THE next company ruler or keyring you pick up could have once been someone else's drinking cup, now that a Worcester company has started watching its waste.

Yamazaki Mazak, based at Warndon Business Park, has found a new way to re-use the 7,000 plastic cups its 430 employees use each week.

The company is the European headquarters of Japan-based Yamazaki Mazak, the world's largest supplier of computerised lathes, machining centres and manufacturing systems,

Improve

Each department holds regular-brainstorming sessions to find ways to improve the company's impact on the environment.

As a result Graham Elcock, health and safety co-ordinator, headed Waste Watchers, a team that looks at new ways to dispose of waste rather than dump it in a landfill site.

"After reviewing the existing system for general disposal and analysing the waste generated, it was agreed that a significant difference could be made by recycling the vending cups used everyday by Mazak employees - around 7,000 a week," said Mr Elcock.
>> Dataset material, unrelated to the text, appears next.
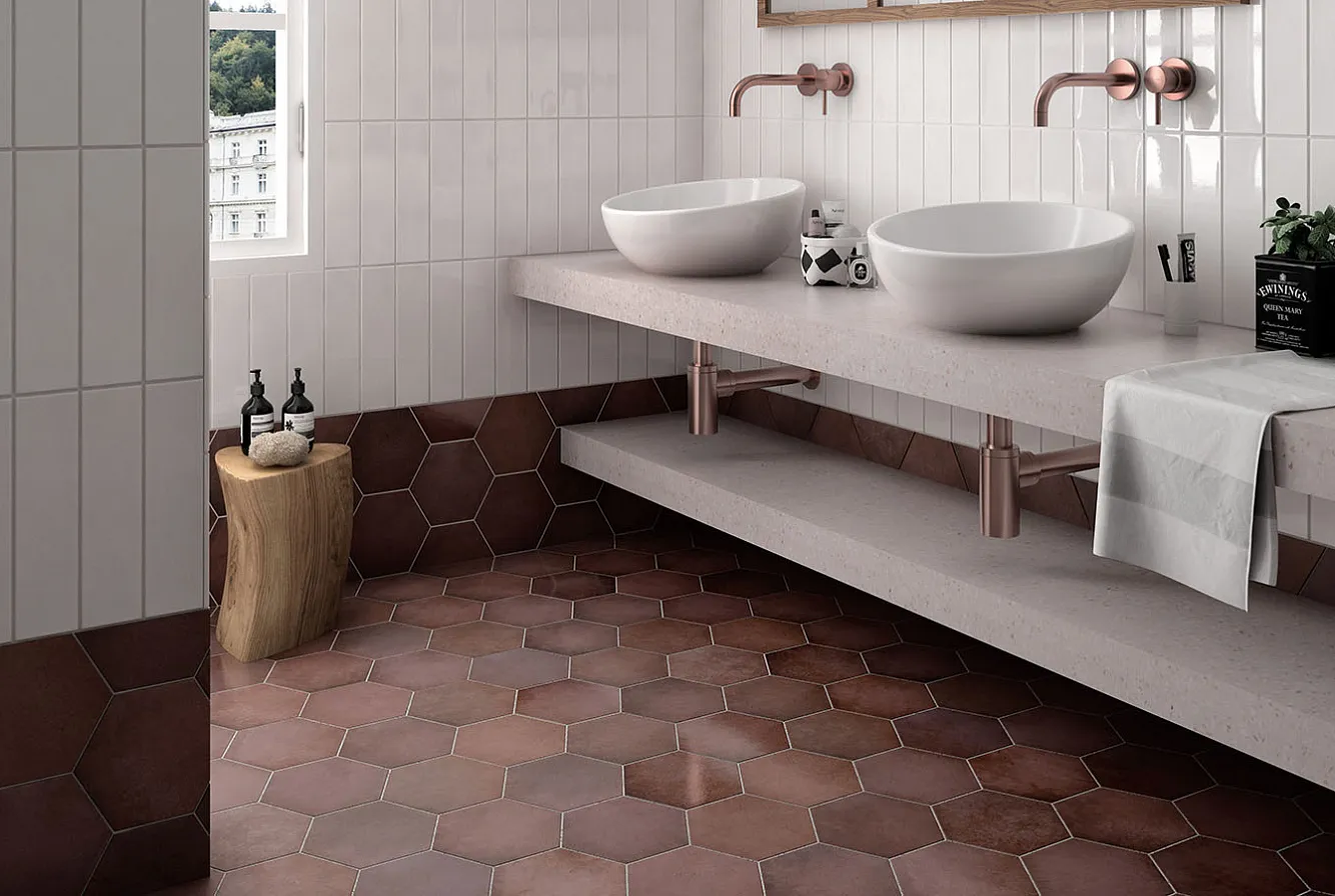 Испанский, глазурованный глянцевый керамогранит 24956 HERITAGE WINE 17,5x20 шестигранной формы,

Now the company uses special bins to collect the cups and then passes them on to the Save a Cup charity, based in High Wycombe.

"Save a Cup, a registered charity, is a national system of collection and recycling of used plastic vending cups which are then manufactured into different plastic items, such as rulers, cup stands or key-rings which can be personalised to a company's own specifications," Mr Elcock said.

"We decided the best way of collecting the cups was in specially designed bins, in order that all employees would quickly form the habit of finishing their drink and popping the empty cup into the designated slot.

"It is a simple solution which saves the company money, reduces the amount of waste going to landfill and demonstrates our awareness, as a company, of local issues.

"We are continuing to look at many different ways of recycling, reusing or reducing our waste and hope that our example will encourage other companies to do the same."